TASK :: Exact reproduction of all the data is required, with pictures excluded.

Recorded data ::
=== Begin Enclosure ===
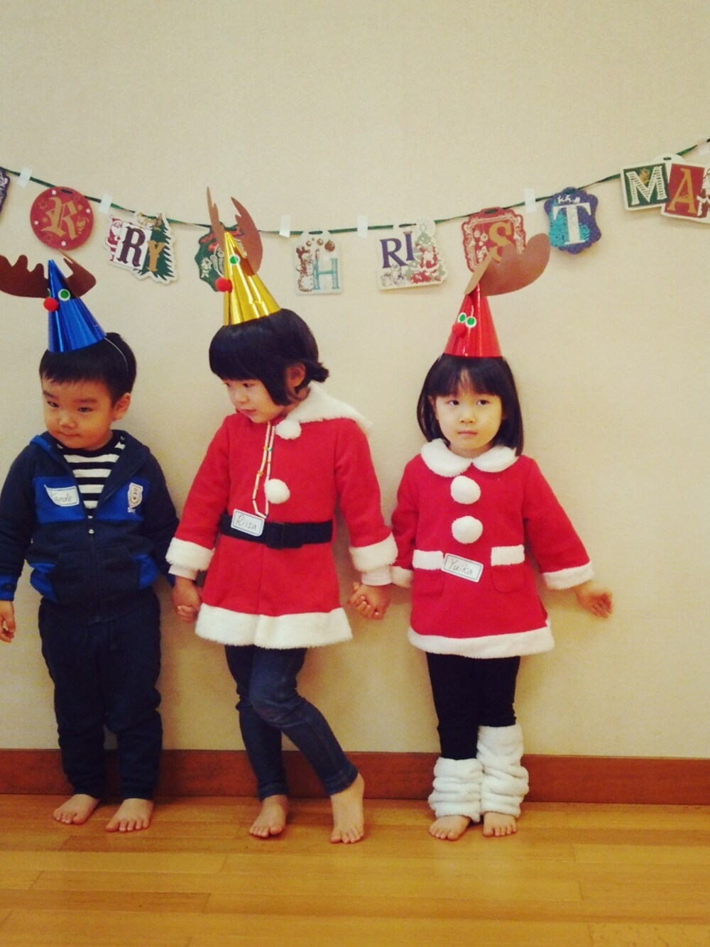 今年もたくさんクリパしたね♡ サンタの衣装も三年選手!!タイツ履かないとパンツ丸見えです(笑) サンタさんからのプレゼントは、ラプンツェルのお化粧セットでした♡ 素敵なクリスマスを~(*^▽^)/★*☆♪
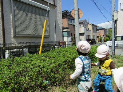 今日はいちご組さんは、青柳第25公園に行きました。風も気持ちよくお散歩日和でした。
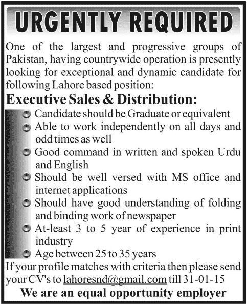 Executive Sales and Distribution Job In Lahore Jan. 2015. Copyright The Daily The News Newspaper Pakistan.
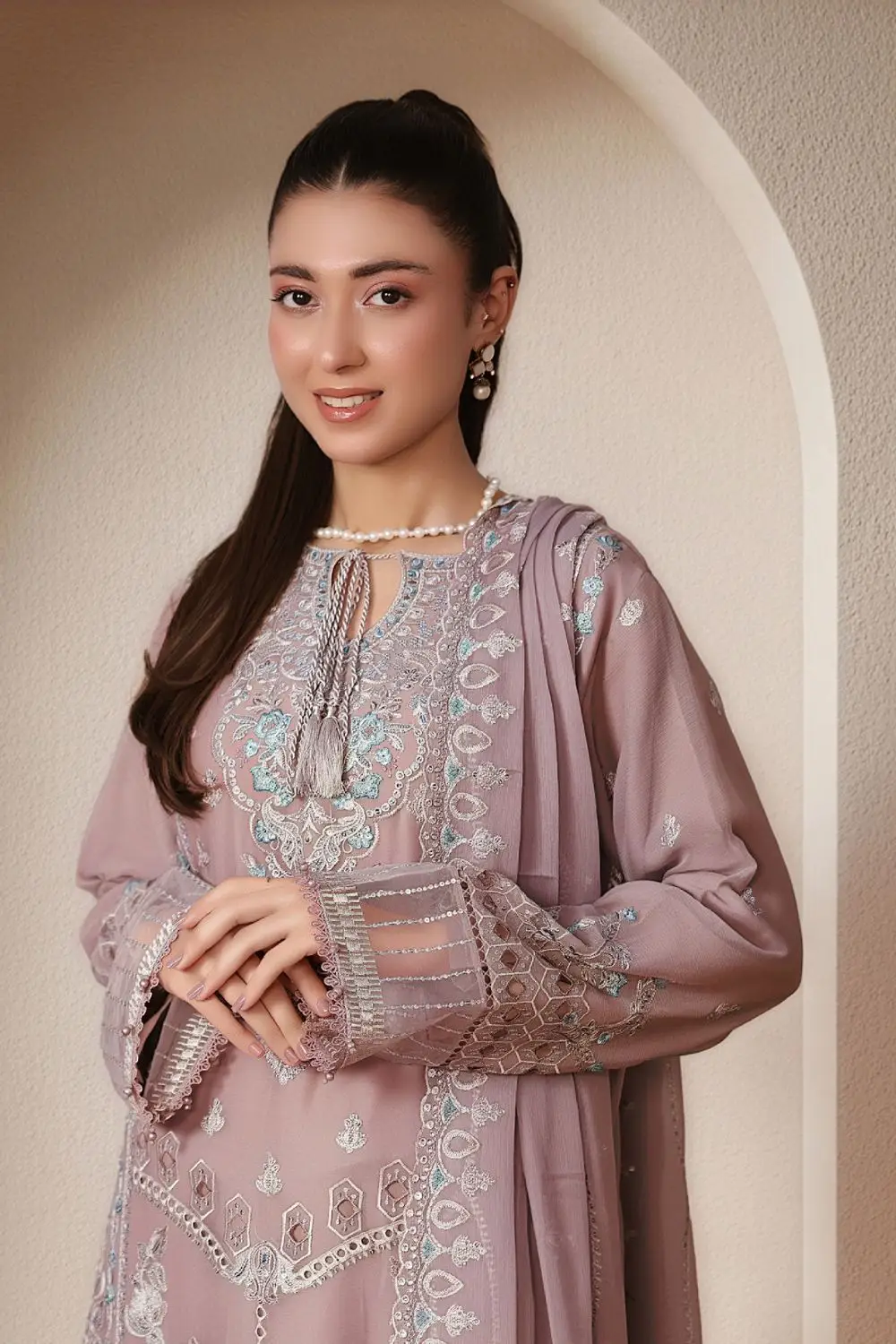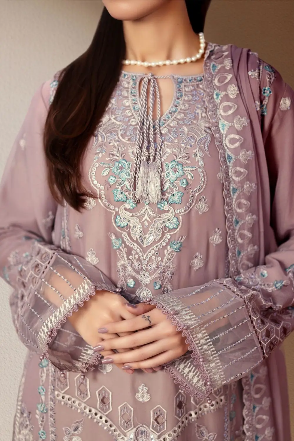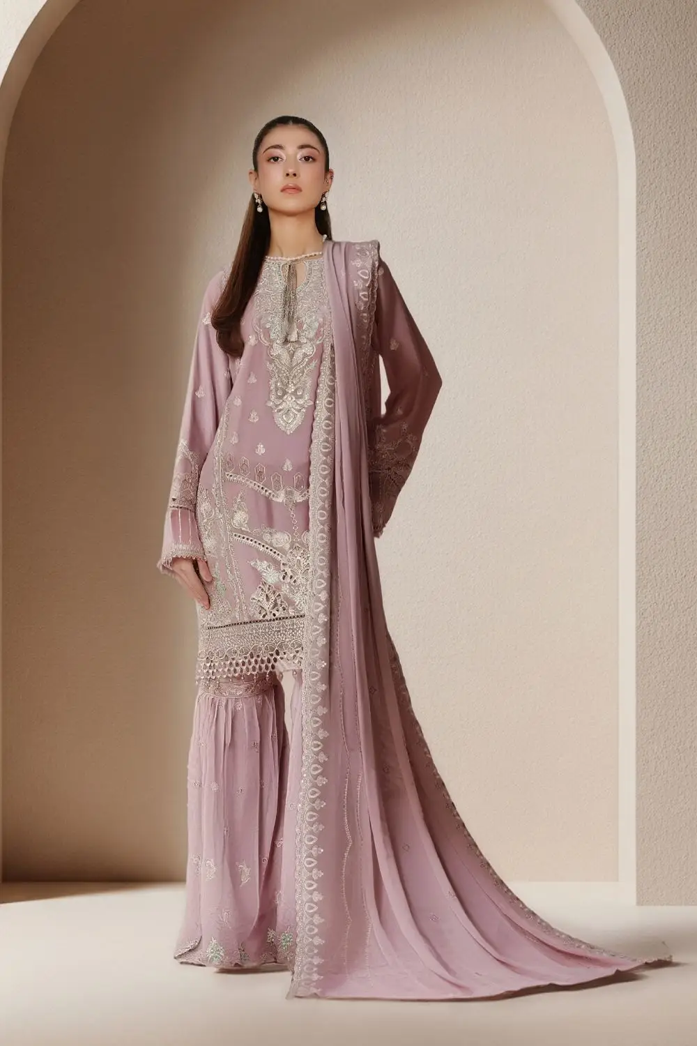 RANGOON LUXURY CHIFFON GHARARA Collection Elegance meets sophistication. This stitched 3-piece ensemble features exquisitely embroidered chiffon paired with a classic gharara, adorned with delicate sequins.
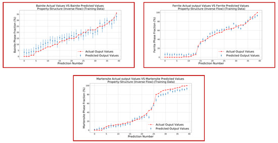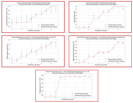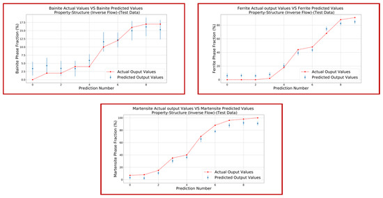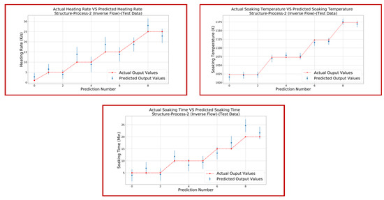 Step 3.2 Microstructure–Process Space (Heating Phase): The phase fraction % of martensite after forming and quenching is greatly affected by the phase fraction % of austenite. The formation of austenite during the heating phase is very influential upon the final properties of the product produced by hot stamping. The dataset for this step was obtained from [47], which involves the austenite phase fraction % as an input parameter, while the output parameters are heating rate HR, soaking temperature, and soaking time. The same process was followed as for previous steps with ANN parameters given in Table 4 for step 3.2. Figure 13 and Figure 14 present plots of the predicted output and actual output for both the input dataset and test dataset, respectively. The loss function for step 3.2 was calculated as shown in Table 12.
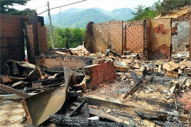 발화지점에서 270m 정도 떨어진 곳에서 비닐하우스 2동도 뼈대만 앙상히 남기고 타버린 흔적이 보였다. 이번 산불로 주택과 비닐하우스, 우사 등 6동이 불에 탔고, 산림 85ha가 소실된 것으로 잠정 추정된다.
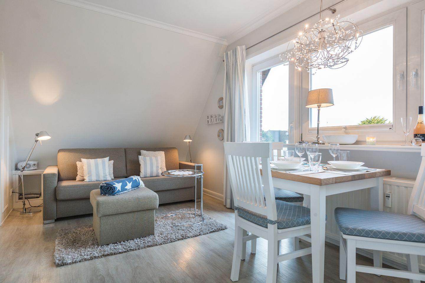 Dieses lichtdurchflutete Appartement liegt unweit vom Strandübergang Wenningstedt. Die gemütliche 2-Zimmer-Wohnung bietet Ihnen einen modernen Wohnraum mit offener Küchenzeile und Dusch/Bad WC. Waschmaschine + Trockner befinden sich im Hauskeller. Die Nichtraucherwohnung bietet einen herrlichen Weitblick vom großen Balkon, ausgestattet mit Strandkorb + Gartenmöbeln. Allergiker geeignet. PKW-Stellplatz direkt vorm Haus. WLAN vorhanden (Ohne Gewähr)
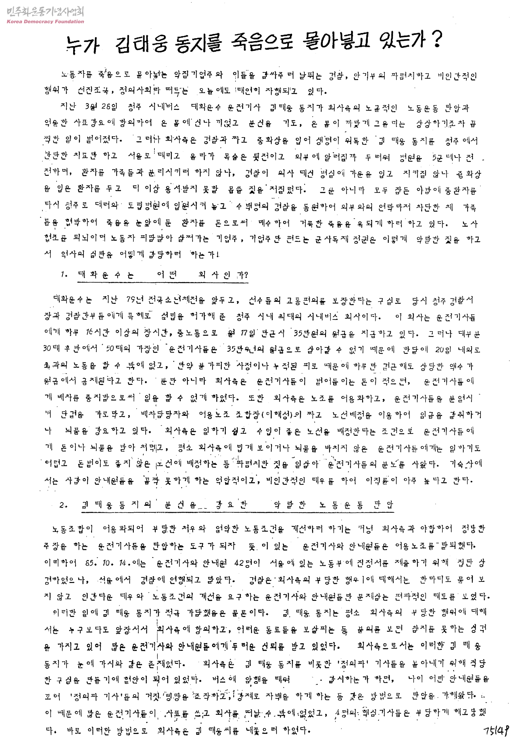 누가 김태웅 동지를 죽음으로 몰아넣고 있는가
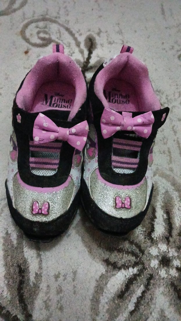 Pembe fiyonk detaylı, kauçuk tabanlı kız çocuk spor ayakkabısı. Renkli, goth tarzında ve desen içermeyen Minnie Mouse temalı model.
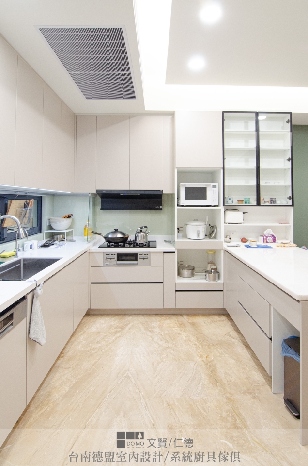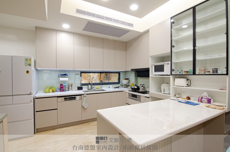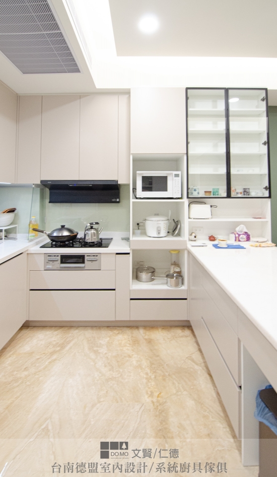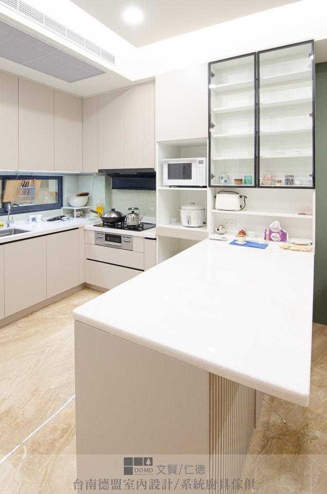 主要材料 ⏩EGGER-日本F4星級塑合板、奧地利BLUM緩衝後鈕、人造石、結晶鋼烤、烤漆玻璃、發泡板、長虹玻璃、鐵件
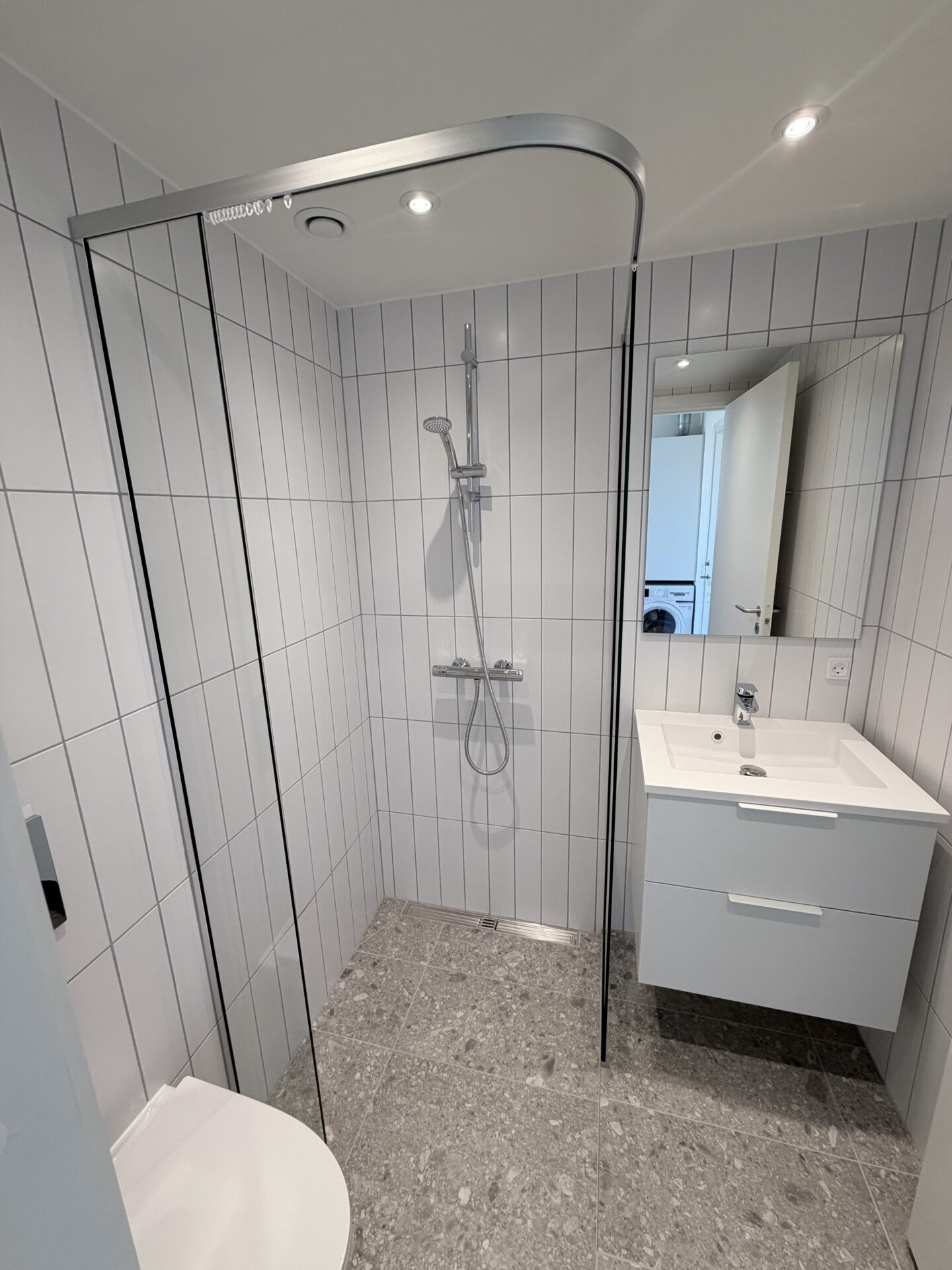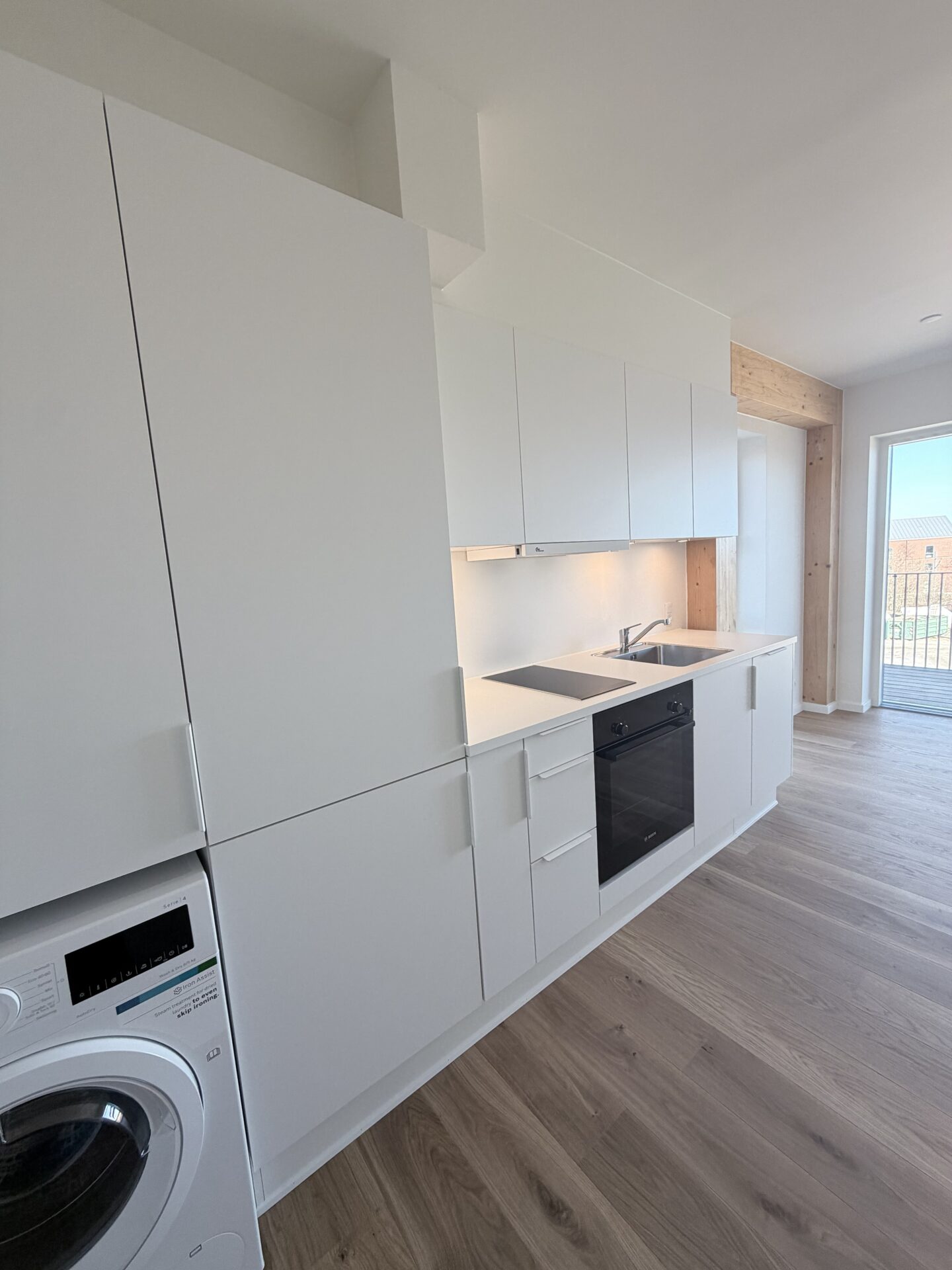 Lejligheden byder på et moderne og lyst køkken fra Svane med opvaskemaskine, samt en kombimaskine, samt plads til et hyggeligt spiseområde. Badeværelset er rummeligt og praktisk indrettet.
=== End Enclosure ===
EXERCISE RESULT ::
 今年もたくさんクリパしたね♡ サンタの衣装も三年選手!!タイツ履かないとパンツ丸見えです(笑) サンタさんからのプレゼントは、ラプンツェルのお化粧セットでした♡ 素敵なクリスマスを~(*^▽^)/★*☆♪
 今日はいちご組さんは、青柳第25公園に行きました。風も気持ちよくお散歩日和でした。
 Executive Sales and Distribution Job In Lahore Jan. 2015. Copyright The Daily The News Newspaper Pakistan.
 RANGOON LUXURY CHIFFON GHARARA Collection Elegance meets sophistication. This stitched 3-piece ensemble features exquisitely embroidered chiffon paired with a classic gharara, adorned with delicate sequins.
 Step 3.2 Microstructure–Process Space (Heating Phase): The phase fraction % of martensite after forming and quenching is greatly affected by the phase fraction % of austenite. The formation of austenite during the heating phase is very influential upon the final properties of the product produced by hot stamping. The dataset for this step was obtained from [47], which involves the austenite phase fraction % as an input parameter, while the output parameters are heating rate HR, soaking temperature, and soaking time. The same process was followed as for previous steps with ANN parameters given in Table 4 for step 3.2. Figure 13 and Figure 14 present plots of the predicted output and actual output for both the input dataset and test dataset, respectively. The loss function for step 3.2 was calculated as shown in Table 12.
 발화지점에서 270m 정도 떨어진 곳에서 비닐하우스 2동도 뼈대만 앙상히 남기고 타버린 흔적이 보였다. 이번 산불로 주택과 비닐하우스, 우사 등 6동이 불에 탔고, 산림 85ha가 소실된 것으로 잠정 추정된다.
 Dieses lichtdurchflutete Appartement liegt unweit vom Strandübergang Wenningstedt. Die gemütliche 2-Zimmer-Wohnung bietet Ihnen einen modernen Wohnraum mit offener Küchenzeile und Dusch/Bad WC. Waschmaschine + Trockner befinden sich im Hauskeller. Die Nichtraucherwohnung bietet einen herrlichen Weitblick vom großen Balkon, ausgestattet mit Strandkorb + Gartenmöbeln. Allergiker geeignet. PKW-Stellplatz direkt vorm Haus. WLAN vorhanden (Ohne Gewähr)
 누가 김태웅 동지를 죽음으로 몰아넣고 있는가
 Pembe fiyonk detaylı, kauçuk tabanlı kız çocuk spor ayakkabısı. Renkli, goth tarzında ve desen içermeyen Minnie Mouse temalı model.
 主要材料 ⏩EGGER-日本F4星級塑合板、奧地利BLUM緩衝後鈕、人造石、結晶鋼烤、烤漆玻璃、發泡板、長虹玻璃、鐵件
 Lejligheden byder på et moderne og lyst køkken fra Svane med opvaskemaskine, samt en kombimaskine, samt plads til et hyggeligt spiseområde. Badeværelset er rummeligt og praktisk indrettet.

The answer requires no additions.